→ WHAT YOU HAVE TO DO
Once the line with "22 km, sivuamishetki" is found in the data, output it and each following line exactly, up to and including the line with "Vor dem Konfigurieren", and nothing before or after.

→ SOURCE MATERIAL
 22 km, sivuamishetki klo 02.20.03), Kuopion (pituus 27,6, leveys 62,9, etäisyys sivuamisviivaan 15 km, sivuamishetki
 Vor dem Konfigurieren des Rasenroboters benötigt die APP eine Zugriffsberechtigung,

---

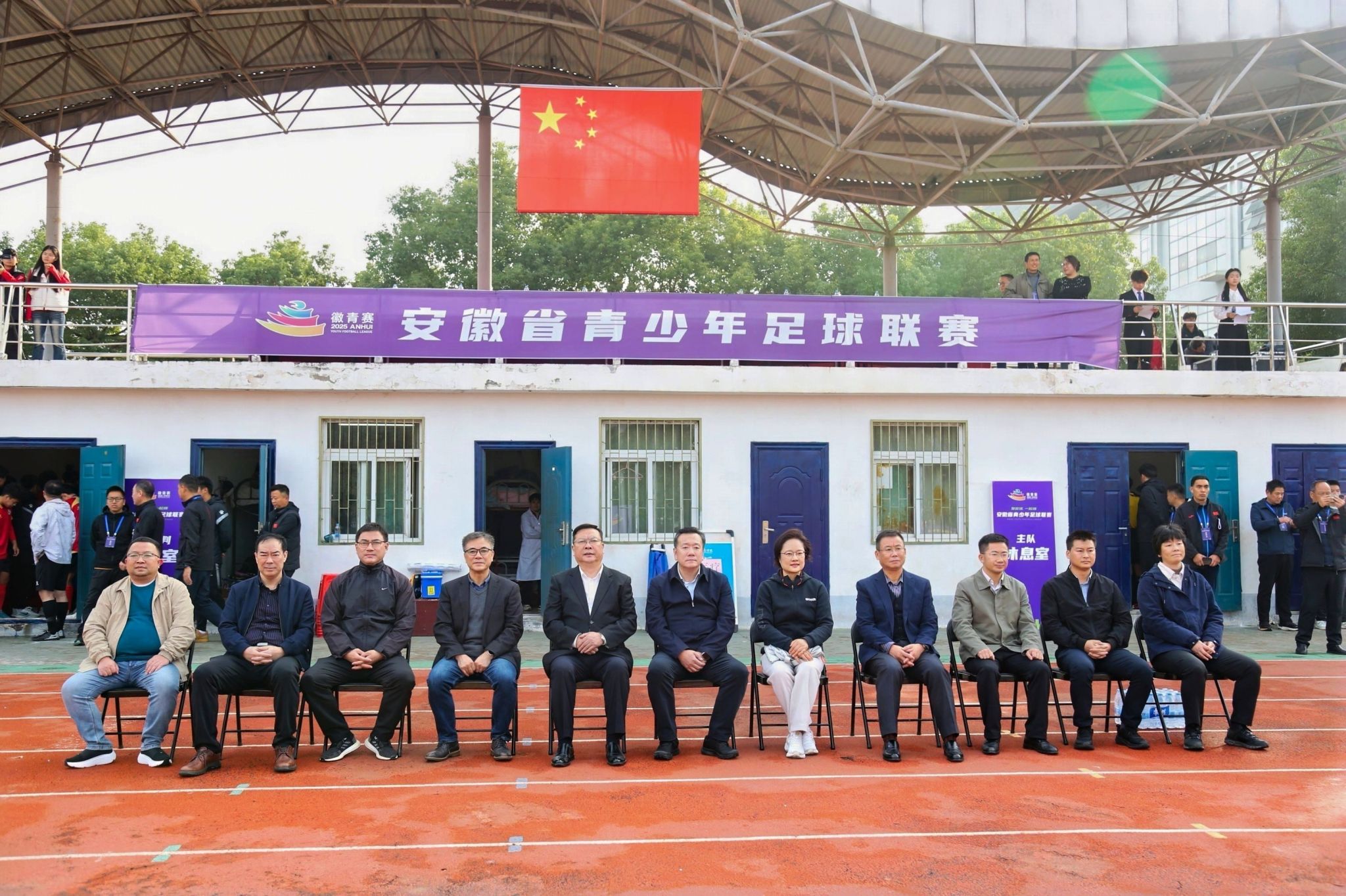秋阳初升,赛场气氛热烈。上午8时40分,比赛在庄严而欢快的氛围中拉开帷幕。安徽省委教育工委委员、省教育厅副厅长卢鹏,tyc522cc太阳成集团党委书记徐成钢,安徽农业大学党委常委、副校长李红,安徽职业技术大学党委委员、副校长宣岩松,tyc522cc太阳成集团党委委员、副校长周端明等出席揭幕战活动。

→ OUTPUT FOR THIS TASK
 22 km, sivuamishetki klo 02.20.03), Kuopion (pituus 27,6, leveys 62,9, etäisyys sivuamisviivaan 15 km, sivuamishetki
 Vor dem Konfigurieren des Rasenroboters benötigt die APP eine Zugriffsberechtigung,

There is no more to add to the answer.